WHAT YOU WILL DO: Begin the copy at the line containing "Frazetta, Beautiful Composition" in the data below and end it at the line containing "Полосатый принт визуально", keeping each line exact and leaving out pictures.

** MATERIAL FOR THIS TASK follows **

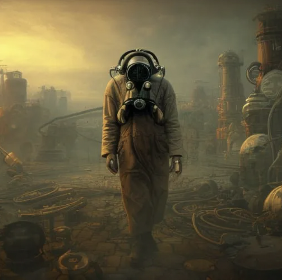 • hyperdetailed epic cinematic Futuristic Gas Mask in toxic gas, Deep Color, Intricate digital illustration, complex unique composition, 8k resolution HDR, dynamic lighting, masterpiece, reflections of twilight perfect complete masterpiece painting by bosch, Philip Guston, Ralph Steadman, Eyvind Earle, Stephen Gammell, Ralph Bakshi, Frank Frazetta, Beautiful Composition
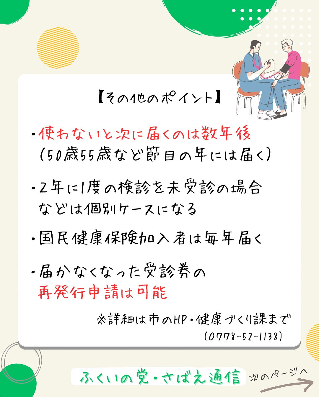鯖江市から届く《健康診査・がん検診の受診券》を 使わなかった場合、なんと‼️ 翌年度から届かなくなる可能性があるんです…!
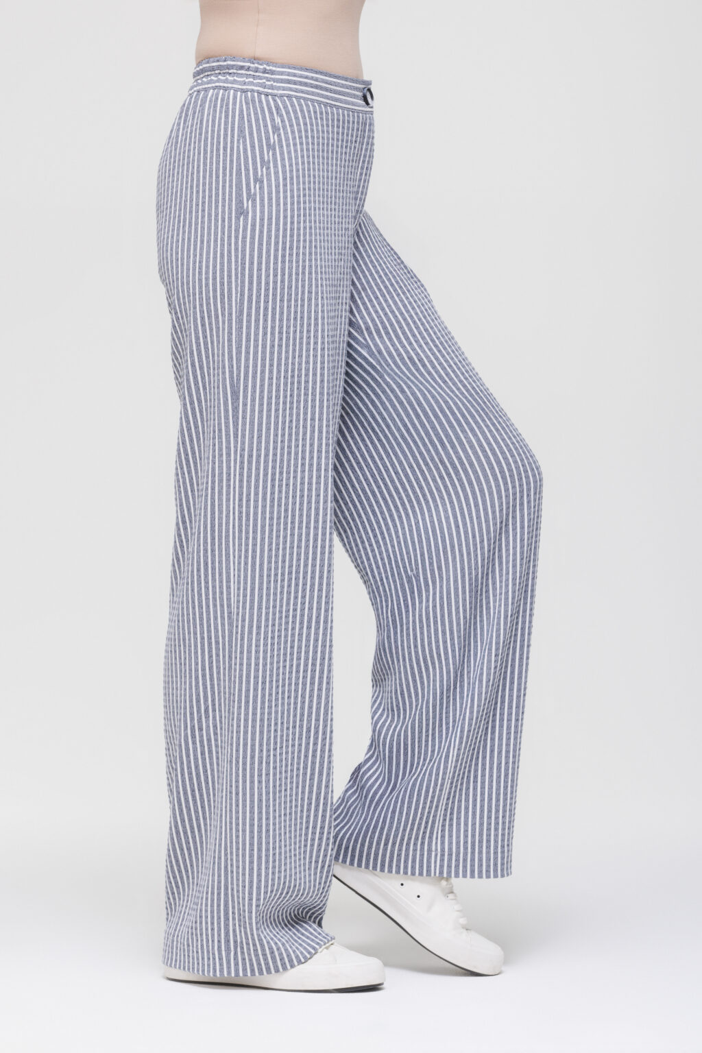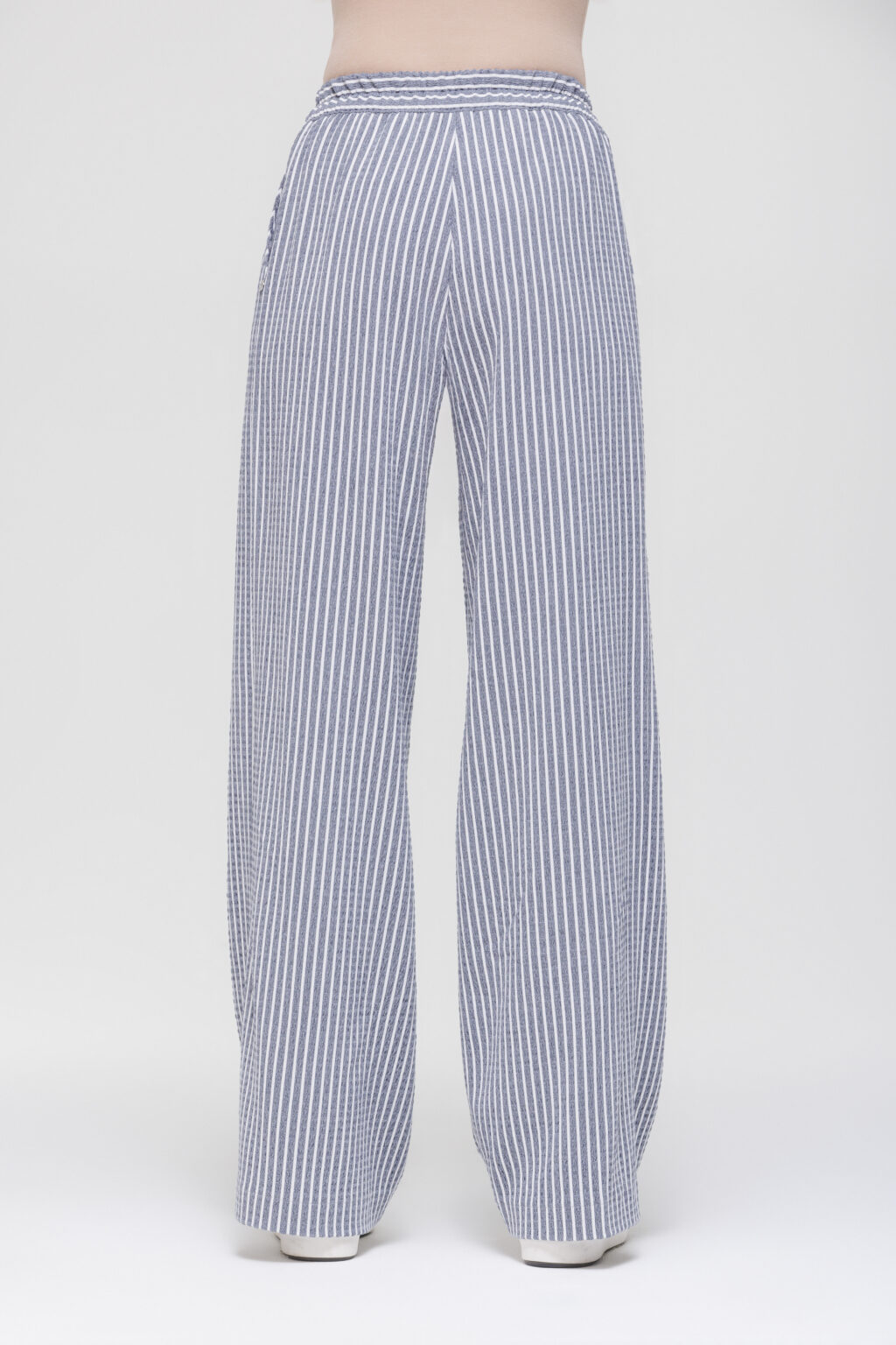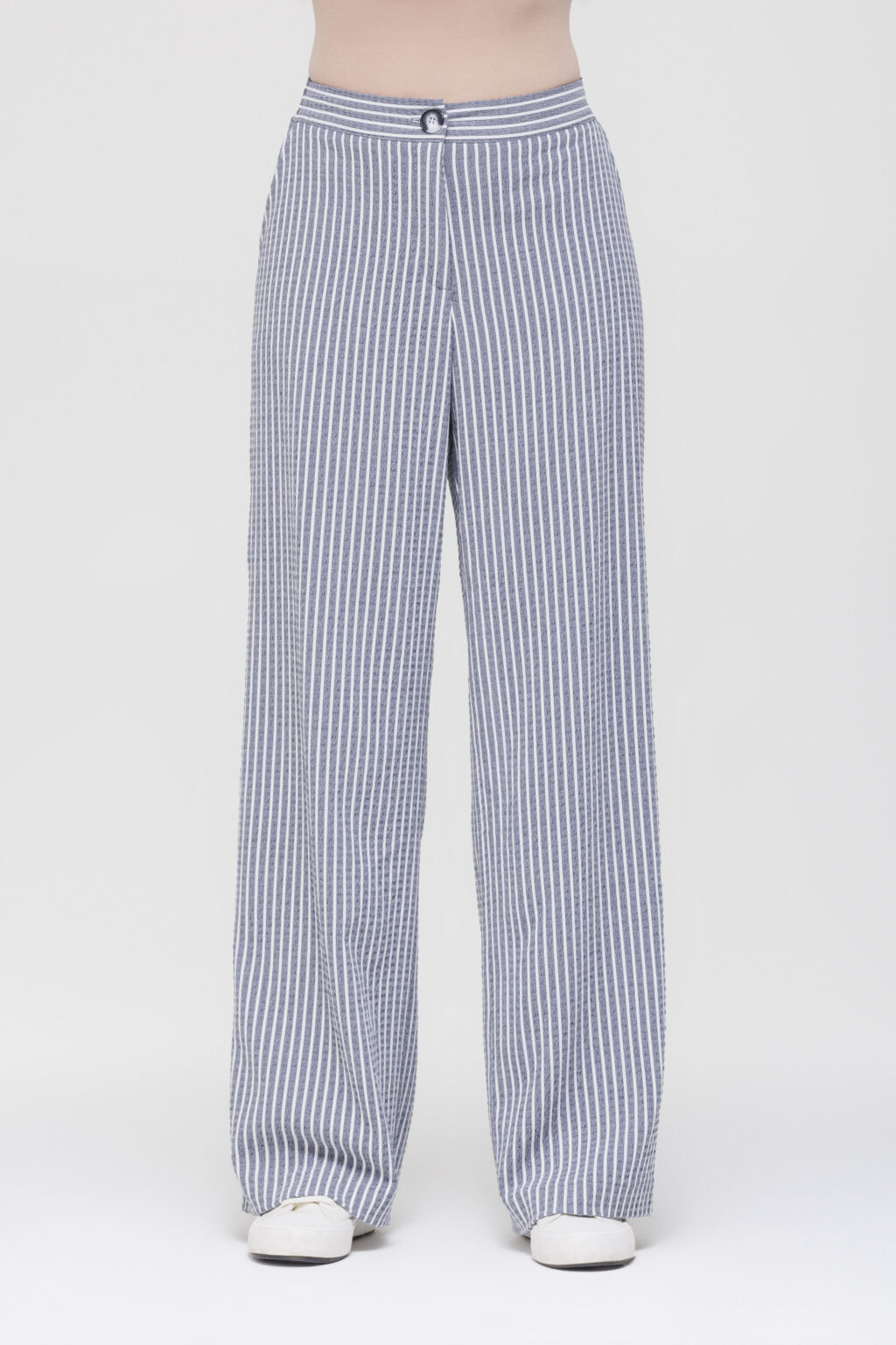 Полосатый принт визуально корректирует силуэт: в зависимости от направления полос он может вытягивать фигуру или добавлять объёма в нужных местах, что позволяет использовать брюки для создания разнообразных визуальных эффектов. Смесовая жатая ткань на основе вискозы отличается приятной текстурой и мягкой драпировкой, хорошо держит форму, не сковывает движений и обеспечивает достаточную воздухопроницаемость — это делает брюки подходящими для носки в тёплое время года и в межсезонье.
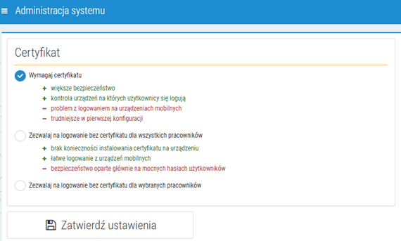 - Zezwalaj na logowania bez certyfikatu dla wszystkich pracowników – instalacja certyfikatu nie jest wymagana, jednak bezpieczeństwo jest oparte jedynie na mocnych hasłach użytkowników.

** End of MATERIAL FOR THIS TASK **
** MATERIAL FOR THIS TASK follows **

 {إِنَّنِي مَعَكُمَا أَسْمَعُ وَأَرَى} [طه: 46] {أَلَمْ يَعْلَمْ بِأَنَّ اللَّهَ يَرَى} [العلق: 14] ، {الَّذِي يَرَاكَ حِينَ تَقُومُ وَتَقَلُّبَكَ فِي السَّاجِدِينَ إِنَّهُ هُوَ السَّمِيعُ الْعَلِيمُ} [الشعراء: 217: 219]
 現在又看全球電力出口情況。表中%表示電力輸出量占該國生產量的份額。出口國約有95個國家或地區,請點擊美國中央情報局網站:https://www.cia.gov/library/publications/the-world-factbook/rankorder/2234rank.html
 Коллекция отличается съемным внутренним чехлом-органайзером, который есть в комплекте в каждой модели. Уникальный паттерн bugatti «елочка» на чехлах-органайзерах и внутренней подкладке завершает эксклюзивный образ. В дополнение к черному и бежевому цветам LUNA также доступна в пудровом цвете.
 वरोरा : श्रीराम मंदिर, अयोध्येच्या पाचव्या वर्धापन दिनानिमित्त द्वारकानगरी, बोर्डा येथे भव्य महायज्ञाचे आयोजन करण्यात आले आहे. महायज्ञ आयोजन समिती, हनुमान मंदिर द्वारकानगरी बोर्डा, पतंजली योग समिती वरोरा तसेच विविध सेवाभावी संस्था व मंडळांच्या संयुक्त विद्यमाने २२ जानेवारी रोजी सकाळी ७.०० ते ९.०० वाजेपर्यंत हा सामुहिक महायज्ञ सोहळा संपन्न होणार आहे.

** End of MATERIAL FOR THIS TASK **
** MATERIAL FOR THIS TASK follows **

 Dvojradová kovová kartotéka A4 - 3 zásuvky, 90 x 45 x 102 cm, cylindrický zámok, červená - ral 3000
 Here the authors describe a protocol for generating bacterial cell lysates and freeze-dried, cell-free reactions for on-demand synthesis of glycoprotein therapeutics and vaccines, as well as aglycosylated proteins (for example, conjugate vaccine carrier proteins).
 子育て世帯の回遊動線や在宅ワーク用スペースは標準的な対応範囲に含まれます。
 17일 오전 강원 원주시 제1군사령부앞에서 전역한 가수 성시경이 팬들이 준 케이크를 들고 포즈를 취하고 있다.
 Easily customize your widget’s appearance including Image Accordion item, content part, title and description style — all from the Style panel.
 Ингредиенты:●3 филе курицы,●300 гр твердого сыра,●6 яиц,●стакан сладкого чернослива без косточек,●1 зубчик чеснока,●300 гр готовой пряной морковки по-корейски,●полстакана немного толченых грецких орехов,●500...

** End of MATERIAL FOR THIS TASK **

REPLY TO THE TASK:
 • hyperdetailed epic cinematic Futuristic Gas Mask in toxic gas, Deep Color, Intricate digital illustration, complex unique composition, 8k resolution HDR, dynamic lighting, masterpiece, reflections of twilight perfect complete masterpiece painting by bosch, Philip Guston, Ralph Steadman, Eyvind Earle, Stephen Gammell, Ralph Bakshi, Frank Frazetta, Beautiful Composition
鯖江市から届く《健康診査・がん検診の受診券》を 使わなかった場合、なんと‼️ 翌年度から届かなくなる可能性があるんです…!
 Полосатый принт визуально корректирует силуэт: в зависимости от направления полос он может вытягивать фигуру или добавлять объёма в нужных местах, что позволяет использовать брюки для создания разнообразных визуальных эффектов. Смесовая жатая ткань на основе вискозы отличается приятной текстурой и мягкой драпировкой, хорошо держит форму, не сковывает движений и обеспечивает достаточную воздухопроницаемость — это делает брюки подходящими для носки в тёплое время года и в межсезонье.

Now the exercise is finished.